CSU’s latest forecast on July 6 called for 18 named tropical storms across the Atlantic basin this year, which is up from previous predictions of 15 storms (June 1) and 13 storms (April 13).
A typical season would see 14 named storms, seven of which grow into hurricanes, and three of those hurricanes achieving ‘major’ status with winds of Category 3 or stronger on the Saffir-Simpson Hurricane Wind Scale.
The initial predictions of a near- or below-normal hurricane season stemmed from a growing El Niño in the eastern Pacific Ocean, a pattern of warmer water off western South America that affects global weather patterns.
One such effect is an uptick in wind shear that blows east over the Caribbean and tropical Atlantic.
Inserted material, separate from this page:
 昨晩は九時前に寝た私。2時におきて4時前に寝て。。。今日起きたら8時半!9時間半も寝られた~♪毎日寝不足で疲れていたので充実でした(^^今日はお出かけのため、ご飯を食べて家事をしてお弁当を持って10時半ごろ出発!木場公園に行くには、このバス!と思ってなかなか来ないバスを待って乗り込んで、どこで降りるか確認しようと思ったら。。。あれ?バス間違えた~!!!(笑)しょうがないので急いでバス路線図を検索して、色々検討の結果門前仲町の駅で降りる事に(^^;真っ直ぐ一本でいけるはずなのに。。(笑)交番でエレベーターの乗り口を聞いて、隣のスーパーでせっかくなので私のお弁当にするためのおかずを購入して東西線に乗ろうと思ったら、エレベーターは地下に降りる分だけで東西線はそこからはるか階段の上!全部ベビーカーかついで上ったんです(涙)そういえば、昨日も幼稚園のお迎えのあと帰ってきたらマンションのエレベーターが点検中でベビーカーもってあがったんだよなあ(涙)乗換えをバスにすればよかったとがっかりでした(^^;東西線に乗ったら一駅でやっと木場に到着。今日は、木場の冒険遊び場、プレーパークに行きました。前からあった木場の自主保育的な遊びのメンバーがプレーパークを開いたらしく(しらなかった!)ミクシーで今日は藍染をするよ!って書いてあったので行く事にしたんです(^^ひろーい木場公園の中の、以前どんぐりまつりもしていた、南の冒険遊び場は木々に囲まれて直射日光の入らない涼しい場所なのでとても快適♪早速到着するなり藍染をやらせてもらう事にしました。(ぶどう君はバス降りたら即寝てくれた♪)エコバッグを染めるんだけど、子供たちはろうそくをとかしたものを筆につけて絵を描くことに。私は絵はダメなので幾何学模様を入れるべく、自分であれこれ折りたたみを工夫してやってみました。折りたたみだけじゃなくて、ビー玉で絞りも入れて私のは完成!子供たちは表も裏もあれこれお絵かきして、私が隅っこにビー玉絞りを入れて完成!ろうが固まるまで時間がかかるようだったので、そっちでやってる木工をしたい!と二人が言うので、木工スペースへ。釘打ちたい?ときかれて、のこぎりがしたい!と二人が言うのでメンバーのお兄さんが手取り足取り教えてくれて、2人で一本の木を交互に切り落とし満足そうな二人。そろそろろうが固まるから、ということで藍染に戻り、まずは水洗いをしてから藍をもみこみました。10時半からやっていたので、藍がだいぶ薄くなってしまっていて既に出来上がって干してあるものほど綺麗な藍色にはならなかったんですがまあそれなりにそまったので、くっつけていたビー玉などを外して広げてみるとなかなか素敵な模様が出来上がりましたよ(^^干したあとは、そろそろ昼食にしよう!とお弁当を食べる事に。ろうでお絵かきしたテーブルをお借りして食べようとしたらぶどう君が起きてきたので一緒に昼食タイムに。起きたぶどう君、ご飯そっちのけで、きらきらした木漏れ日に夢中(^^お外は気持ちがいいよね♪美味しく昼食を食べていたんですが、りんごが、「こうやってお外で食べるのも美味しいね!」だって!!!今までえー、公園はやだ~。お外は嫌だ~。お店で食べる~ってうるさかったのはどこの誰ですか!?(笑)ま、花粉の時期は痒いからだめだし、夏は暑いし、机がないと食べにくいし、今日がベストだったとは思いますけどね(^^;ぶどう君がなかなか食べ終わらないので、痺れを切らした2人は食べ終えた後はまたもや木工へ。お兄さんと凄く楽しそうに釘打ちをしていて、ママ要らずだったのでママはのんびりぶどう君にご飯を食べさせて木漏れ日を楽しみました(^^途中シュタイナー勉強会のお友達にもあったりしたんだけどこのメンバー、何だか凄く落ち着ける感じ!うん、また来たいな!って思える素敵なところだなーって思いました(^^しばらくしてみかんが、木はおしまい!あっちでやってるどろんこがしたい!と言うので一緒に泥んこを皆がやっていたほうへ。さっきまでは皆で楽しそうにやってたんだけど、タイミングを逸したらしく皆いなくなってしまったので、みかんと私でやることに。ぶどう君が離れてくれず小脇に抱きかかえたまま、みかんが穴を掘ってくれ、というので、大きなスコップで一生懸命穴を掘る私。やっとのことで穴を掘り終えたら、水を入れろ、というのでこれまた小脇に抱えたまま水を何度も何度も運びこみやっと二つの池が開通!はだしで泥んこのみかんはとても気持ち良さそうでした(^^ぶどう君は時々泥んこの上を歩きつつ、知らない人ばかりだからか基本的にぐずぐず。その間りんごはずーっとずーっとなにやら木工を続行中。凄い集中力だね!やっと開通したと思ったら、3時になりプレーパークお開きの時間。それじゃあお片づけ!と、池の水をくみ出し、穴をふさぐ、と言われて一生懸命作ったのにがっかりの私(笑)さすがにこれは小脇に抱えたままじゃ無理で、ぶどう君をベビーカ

Wind shear is destructive to any tropical system trying to organize and strengthen, so we typically see slower-than-normal hurricane seasons when El Niño conditions are present.
While we’re rapidly diving into an El Niño that looks like it could grow quite strong in the months ahead, the true wild card as we approach the peak of hurricane season is the widespread, record-breaking warmth found throughout the Atlantic basin.
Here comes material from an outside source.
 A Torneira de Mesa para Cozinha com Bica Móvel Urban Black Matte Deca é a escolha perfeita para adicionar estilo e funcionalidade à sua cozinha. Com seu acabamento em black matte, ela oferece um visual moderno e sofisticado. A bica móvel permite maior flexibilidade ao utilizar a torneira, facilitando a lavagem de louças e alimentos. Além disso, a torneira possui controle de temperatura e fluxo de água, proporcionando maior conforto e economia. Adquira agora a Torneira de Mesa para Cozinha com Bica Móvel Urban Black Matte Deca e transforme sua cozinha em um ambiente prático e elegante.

Sea surface temperature anomalies across the Atlantic are “unprecedented,” as climate experts with the World Meteorological Organization noted in a recent blog post. The Atlantic Ocean’s fever is likely due to a combination of recent weather patterns and “longer-term changes in the ocean,” the agency said.
It’s a bit of a balancing act trying to figure out whether El Niño or raging Atlantic warmth will win out as the peak of hurricane season nears in August and September, which is why the CSU forecast emphasizes lower-than-usual confidence.
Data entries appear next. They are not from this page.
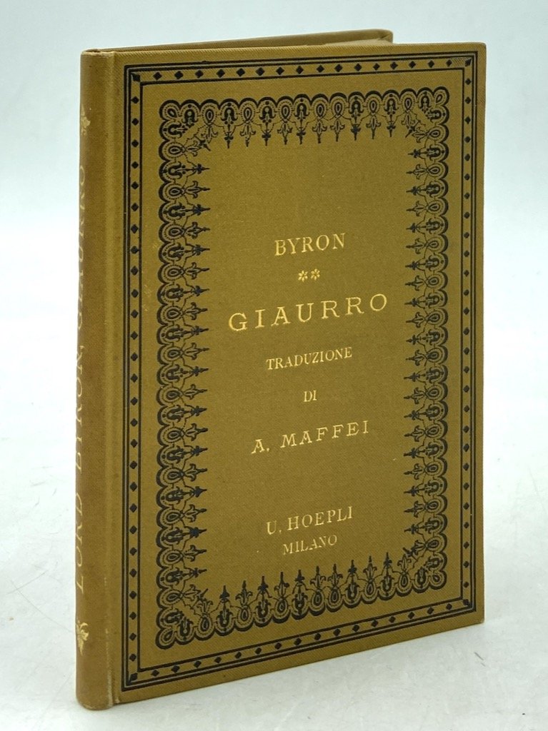 Legatura editoriale in tela senape con titoli dorati e fregi impressi a secco e in nero, tagli dorati, cm 12.5 x 8.5, pp 108, frontespizio in nero e rosso entro cornice illustrata, testo riquadrato in blu. Piccolo difetto sulla sguardia anteriore, peraltro ben conservato. Pubblicato nel 1813 «The Giaour - A Fragment of a Turkish Tale» è il primo dei racconti turchi di Byron e conobbe un grande successo in patria e nel resto d'Europa sull'onda degli entusiasmi filellenici e dell'orientalismo romantico. La novella inizia infatti lamentando le sorti della Grecia sotto il dominio ottomano, e l'infelice schiava Leila, crudelmente giustiziata dal turco Hassan, fu dai contemporanei considerata come personificazione dell'Ellade. Nel poemetto Byron accennò tra l'altro per la prima volta al tema del vampirismo: la vendetta dell'eponimo «giaurro», termine dispregiativo usato nell'Impero Ottomano per indicare gli infedeli, lo condannerà secondo uno dei narratori a vagare per l'eternità mutato in vampiro. L'opera ebbe numerose traduzioni italiane a partire dal 1818, prima di questa nella Collezioncina Diamante di Hoepli. Andrea Maffei, poeta e librettista nativo della Val di Ledro, fu tra i più prolifici ed affermati traduttori letterari italiani del XIX Secolo, lasciando una fondamentale impronta sulla ricezione e diffusione del romanticismo in Italia anche grazie al frequentatissimo salotto letterario tenuto dalla moglie Clara nella residenza milanese; popolari le sue traduzioni degli Idilli di Gessner, del teatro di Schiller, di Goethe, di Heine e di Byron, autore che iniziò a tradurre nei primi anni ’50 e di cui si occupò tutta la vita licenziando quasi ottantenne le versioni di Lara, Mazeppa e di questo Giaurro.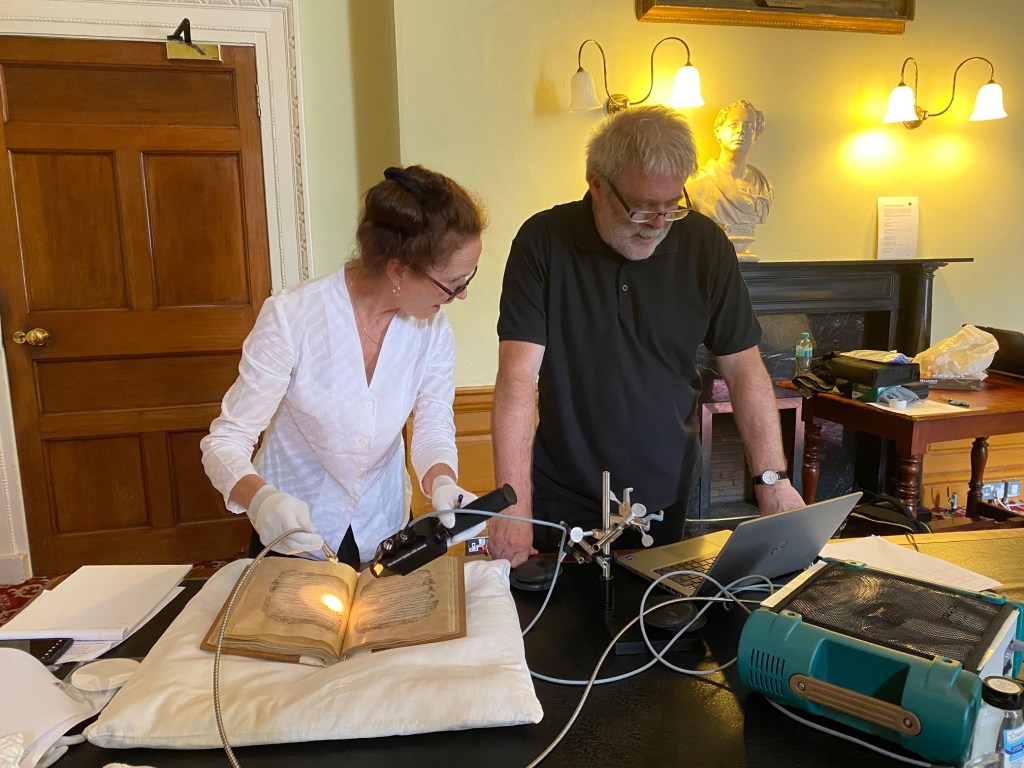 Dr Fenella France & Prof. Ó Macháin carrying out FORS analysis of the Cathach at the RIA Library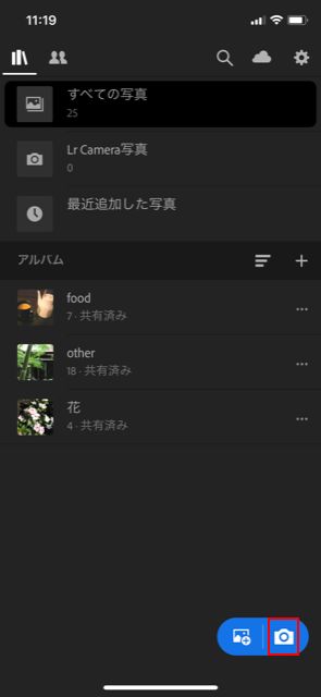 Lightroom mobile のカメラを起動するには、以下の操作を行います。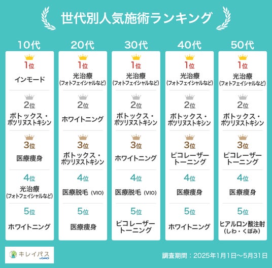 美容医療検索・予約サービス「キレイパス byGMO」が「2025年上半期 美容医療人気ランキング」を発表【GMOビューティー】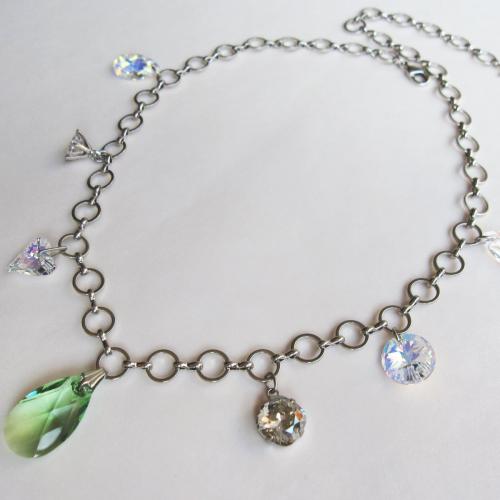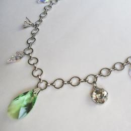 優しい新緑の様なペリドットを中心に、クリスタル、オーロラ、そして大人っぽいシルバーシェイドの石がアクセントになったネックレス。凛とシャープで、かつ爽やかに仕上げました。

But it would only take a relatively small window of favourable ingredients coming together to allow a storm to develop and thrive when the ocean is this unusually warm. This year’s Atlantic hurricane season has racked up four ‘named’ storms through the beginning of July.
Calling the first storm ‘named’ is a bit of a quirk this year. The season’s first storm formed back in January south of Nova Scotia. That storm actually didn’t receive a name at the time — the U.S. National Hurricane Center opted to classify it in a post-analysis in May, setting its fate to live forever in the records as “Unnamed Subtropical Storm.”
The other three systems — Arlene, Bret, and Cindy — all formed in the first three weeks of June. “As is the case with all hurricane seasons,” the CSU team noted in their release, “coastal residents are reminded that it only takes one hurricane making landfall to make it an active season for them.”
Plenty of seasons that saw below-normal activity wound up producing historic and tragic hurricanes. El Niño played a role in the incredibly slow start to the 1992 Atlantic hurricane season, which didn’t see its first named storm until late August. That storm was Hurricane Andrew, a scale-topping storm that unleashed catastrophic damage across southern Florida.